Gestão da cadeia de custódia pode elevar segurança no transporte de cargas

A evolução das operações logísticas tem reforçado a importância de uma gestão mais profissionalizada da cadeia de custódia, especialmente em setores que movem produtos sensíveis, de alto valor e sujeitos a regulamentações específicas. Com diversas etapas de circulação e inúmeras interfaces operacionais, manter a integridade da carga depende cada vez mais do uso de tecnologias capazes de fornecer visibilidade contínua e dados confiáveis.

A Fractal, focada em segurança tecnológica para cadeias logísticas, destaca que integrar sensores, sistemas de rastreabilidade e análises de eventos oferece um controle mais inteligente do percurso, apoiando empresas na prevenção de perdas, na garantia de conformidade e no atendimento aos padrões exigidos pelo mercado.
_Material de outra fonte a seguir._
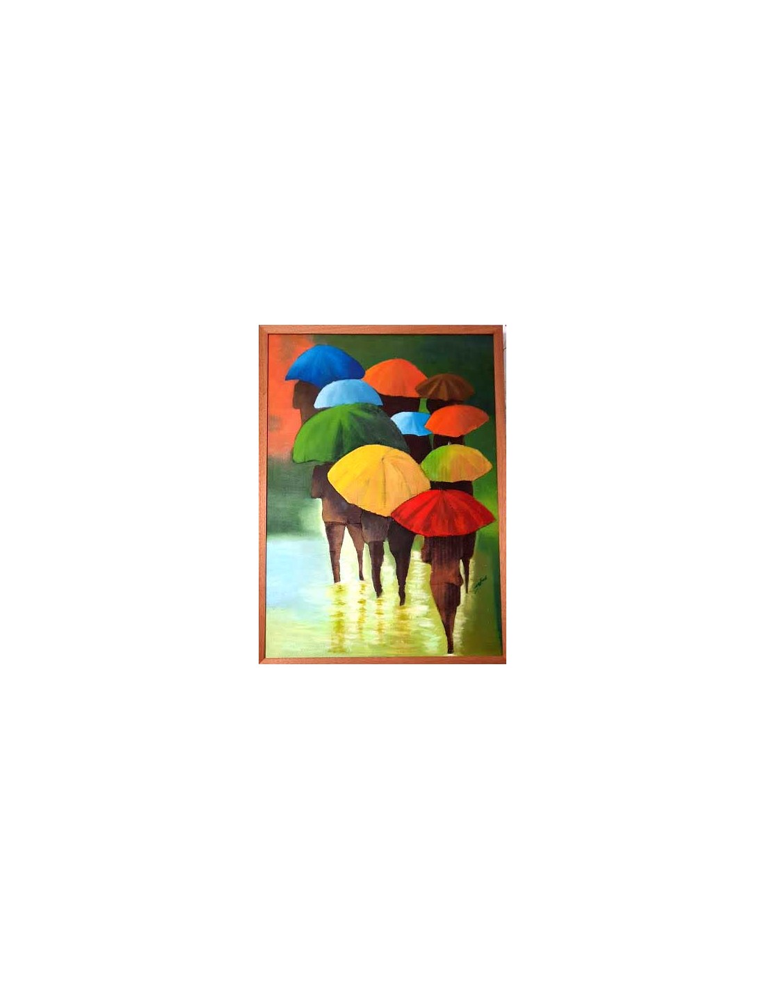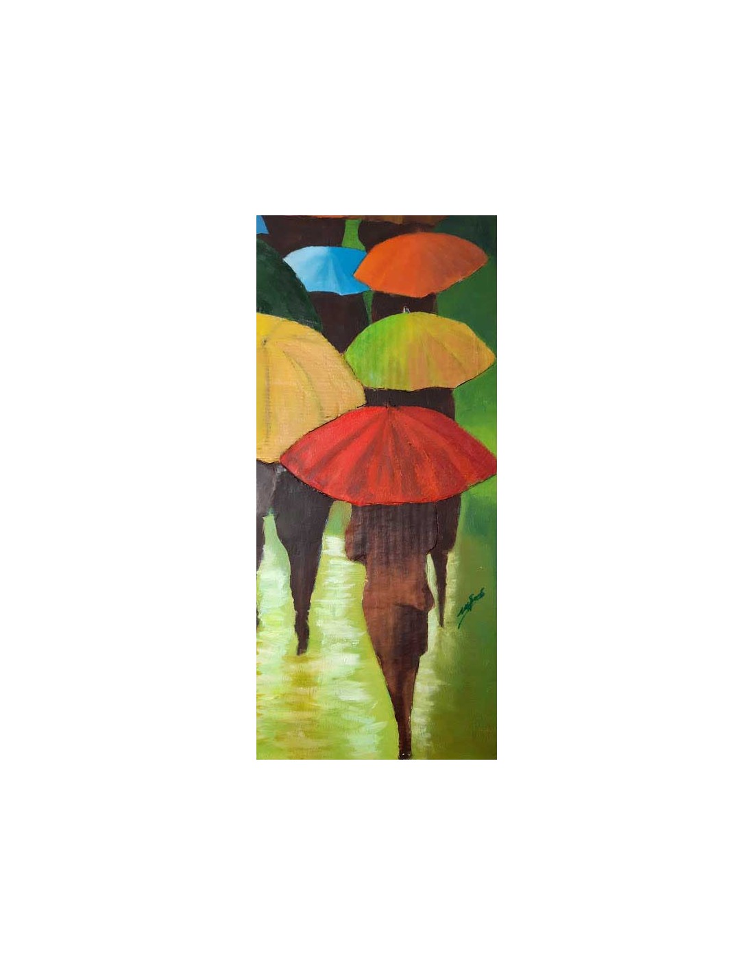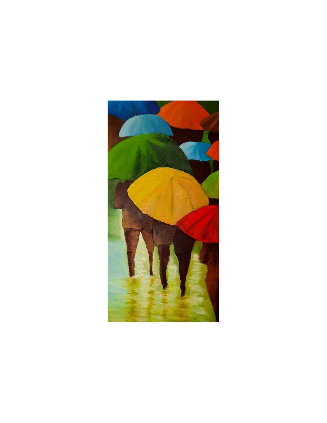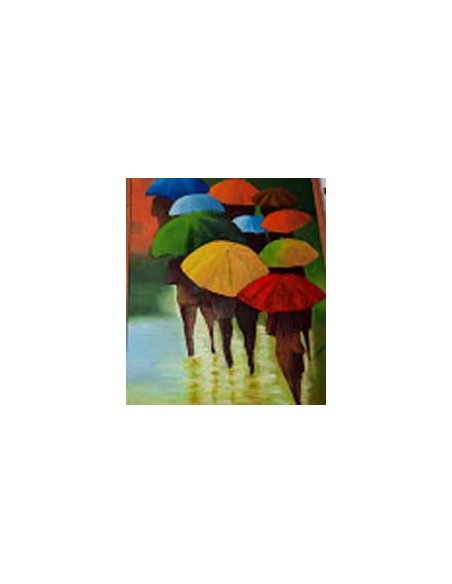 En este óleo "la lluvia y los contrastes de los paraguas armonizan un nuevo paisaje que hace que la vida sea diferente" (Mercedes Sos) - acostumbrada a su sol mediterráneo

Para José Roberto Mesquita, diretor executivo da empresa, a digitalização se tornou uma aliada estratégica da governança logística. “A inspeção visual já não é suficiente para sustentar operações complexas. Quando dispositivos e plataformas se comunicam, é possível validar cada etapa da custódia e responder rapidamente a inconsistências operacionais”, afirma.

Segundo o executivo, a gestão orientada a dados fortalece auditorias, reduz incertezas e melhora a tomada de decisão. “Informações estruturadas permitem identificar e corrigir desvios antes que se transformem em prejuízos. A prevenção passa a ser resultado de monitoramento inteligente, não apenas de intervenção reativa”, explica Mesquita.

A Fractal ressalta que interoperabilidade e histórico auditável ampliam a confiabilidade das operações, modernizando rotinas e contribuindo para uma logística mais segura, eficiente e alinhada a padrões nacionais e internacionais.

A empresa reforça que profissionalizar a cadeia de custódia é um movimento essencial para quem deseja garantir previsibilidade, proteger ativos e manter a continuidade operacional em um ambiente de negócios cada vez mais exigente.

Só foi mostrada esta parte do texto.